# [RECORDED INFORMATION]
--- START ---

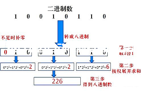 3位二進(jìn)制數(shù)按權(quán)展開相加得到1位八進(jìn)制數(shù)。注:3位二進(jìn)制轉(zhuǎn)成八進(jìn)制是從右到左開始轉(zhuǎn)換,不足時(shí)補(bǔ)0。如圖:
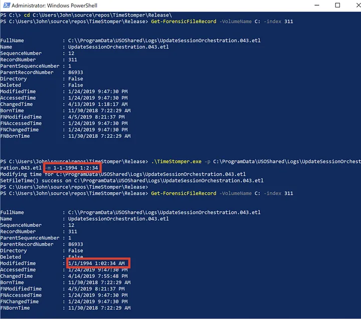 In my testing, I show the file record for a file before and after timestomping. I will also show how to detect timestomping using Sysmon.
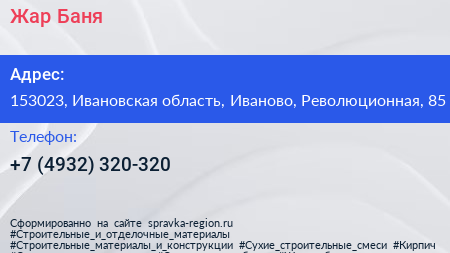 Жар-Баня по адресу 153023, Ивановская область, Иваново, Революционная, 85 в дальнейшем Организация, размещена в следующих категориях:
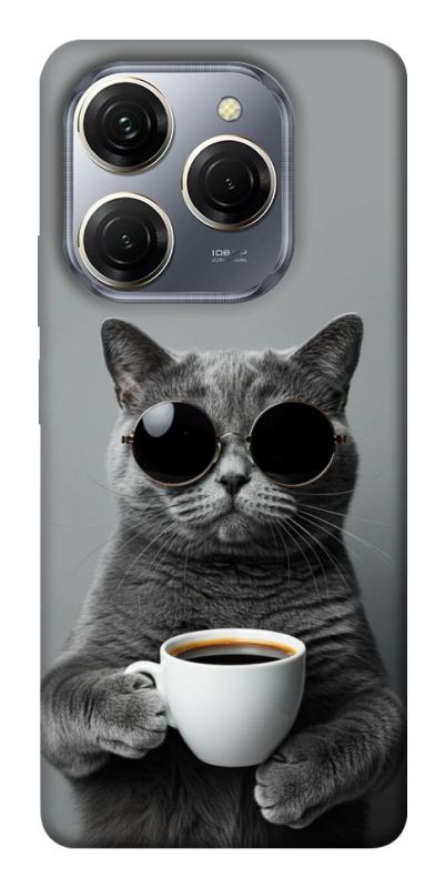 Чехол itsPrint Grey cat coffee для TECNO Spark 20 Pro
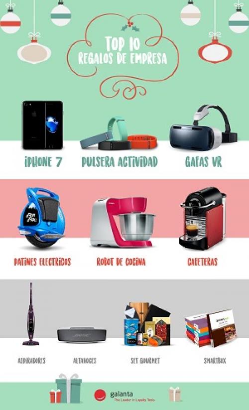 En España, según los datos recabados por Galanta -la marca de Mediapost Group especializada en soluciones web para la captación y la fidelización de clientes-, entre los regalos más solicitados por las compañías en estas fechas destacan nada más y nada menos que el Iphone 7, las pulseras de actividad para controlar las horas de ejercicio y sueño y las gafas de realidad virtual.

--- END ---

# [WHAT IS BEING ASKED]
Give the records a second time exactly, keeping the images out.

# [ANSWER TO THE EXERCISE]
 3位二進(jìn)制數(shù)按權(quán)展開相加得到1位八進(jìn)制數(shù)。注:3位二進(jìn)制轉(zhuǎn)成八進(jìn)制是從右到左開始轉(zhuǎn)換,不足時(shí)補(bǔ)0。如圖:
 In my testing, I show the file record for a file before and after timestomping. I will also show how to detect timestomping using Sysmon.
 Жар-Баня по адресу 153023, Ивановская область, Иваново, Революционная, 85 в дальнейшем Организация, размещена в следующих категориях:
 Чехол itsPrint Grey cat coffee для TECNO Spark 20 Pro
 En España, según los datos recabados por Galanta -la marca de Mediapost Group especializada en soluciones web para la captación y la fidelización de clientes-, entre los regalos más solicitados por las compañías en estas fechas destacan nada más y nada menos que el Iphone 7, las pulseras de actividad para controlar las horas de ejercicio y sueño y las gafas de realidad virtual.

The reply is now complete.